The blog of the traveller, observer and writer, Woz.
Happiness is the man with rhythm. Copyright © 2003-2021, Woz

Sunday, April 23, 2006

Not blogging...

I haven't really bothered to blog much. Apart from feeling rough with a bad cold & cough, aggravated by the recent dust storms in Beijing, there is also the problem of censorship, which includes the following forms:

  • Skype calls are often disrupted (the rumour is that China Telecom are trying to disrupt this to encourage people to switch to their paid-for service)
  • Skype messaging is filtered within the PRC (Skype's CEO has admitted this)
  • Any news item about China on BBC World is broadcast, until it gets to a sensitive (i.e. not totally positive) piece, at which point the screen goes blank. What's funny though, is that you get to hear the lead-up, so you know that everytime it blanks out, it's because the news isn't flattering. For instance, I know that Hu Jianto was heckled by someone outside the White House, I just didn't get to see the footage (blanked out)
  • I can access the radio page of the BBC website, but not the news pages
  • I can access blogger.com to write a post to my blog, but I - and indeed everyone in the PRC - cannot read my blog, as all blogspot.com blogs are blocked (with help from Google, i'm sure, who own the blogger.com service)

No wonder people go nuts over all these American companies (Microsoft, Yahoo, Google) doing business with an authoritarian regime (and disclosing the identities of dissidents to the authorities, leading to their arrest). Reminds me of IBM working with the Nazis, or BAE working with the Saudi authorities, (allegedly) supplying them with kit useful for torture and repression.

Sure, you can make the argument that the PRC regime/administration is not as nasty as the Nazis, or as ideologically wobbly as the House of Saud. Perhaps that's true. But I do not think a dissident with an electro-shock baton upside his head will quite agree with you.
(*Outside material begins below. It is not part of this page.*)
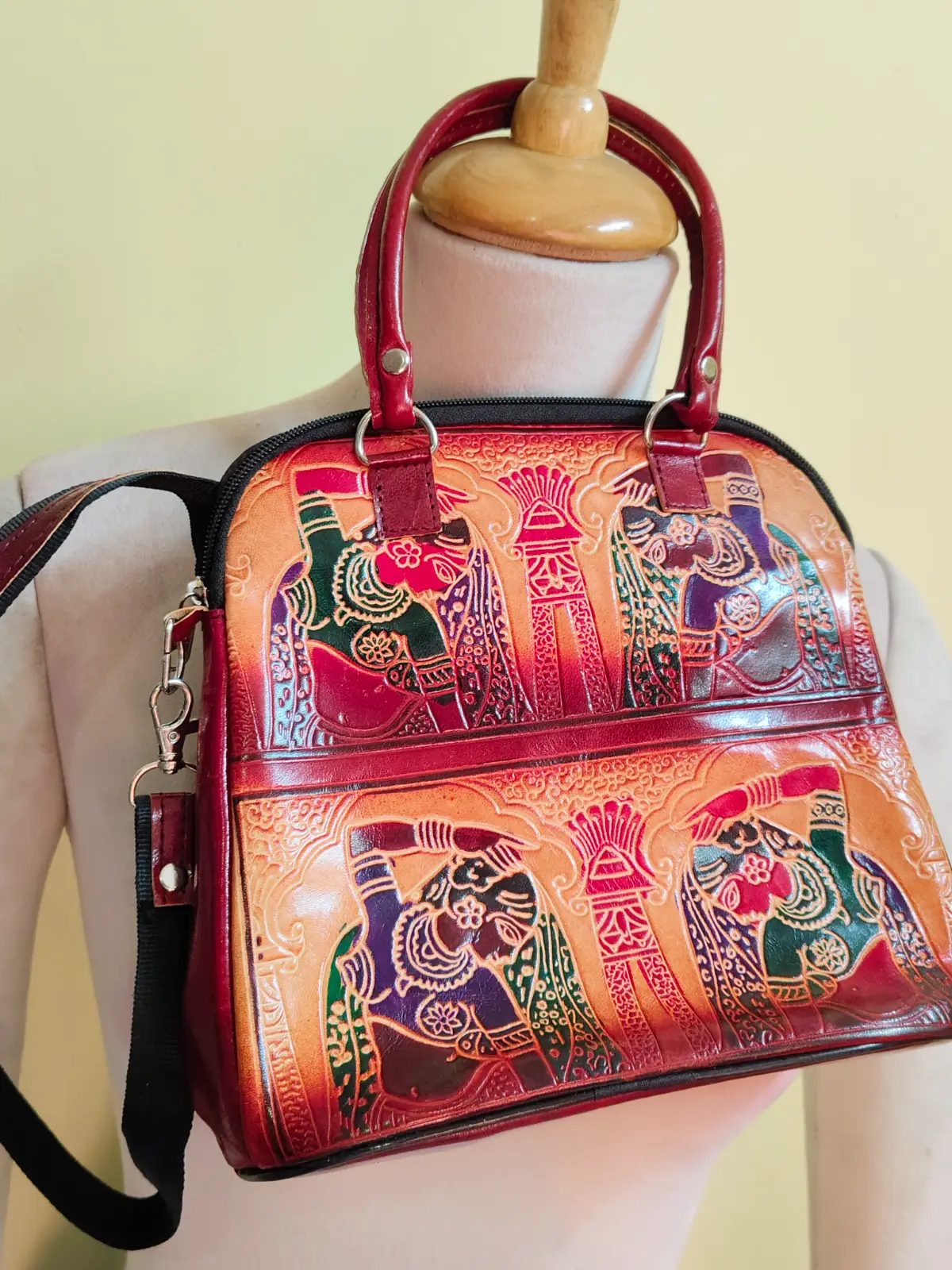 Handcrafted Leather Sling Bag with double handle – Shot Handle and Long handle adjustable

China is a great country, the economy is opening up, but two big stumbling blocks remain - the administration want to keep control (note that control is not the same as responsibility; big difference), and the gap between rich and poor is growing at a cracking pace.

How it pans out depends rather a lot on your time perspective. In the short-term; messy. Long-term (20+ years); better.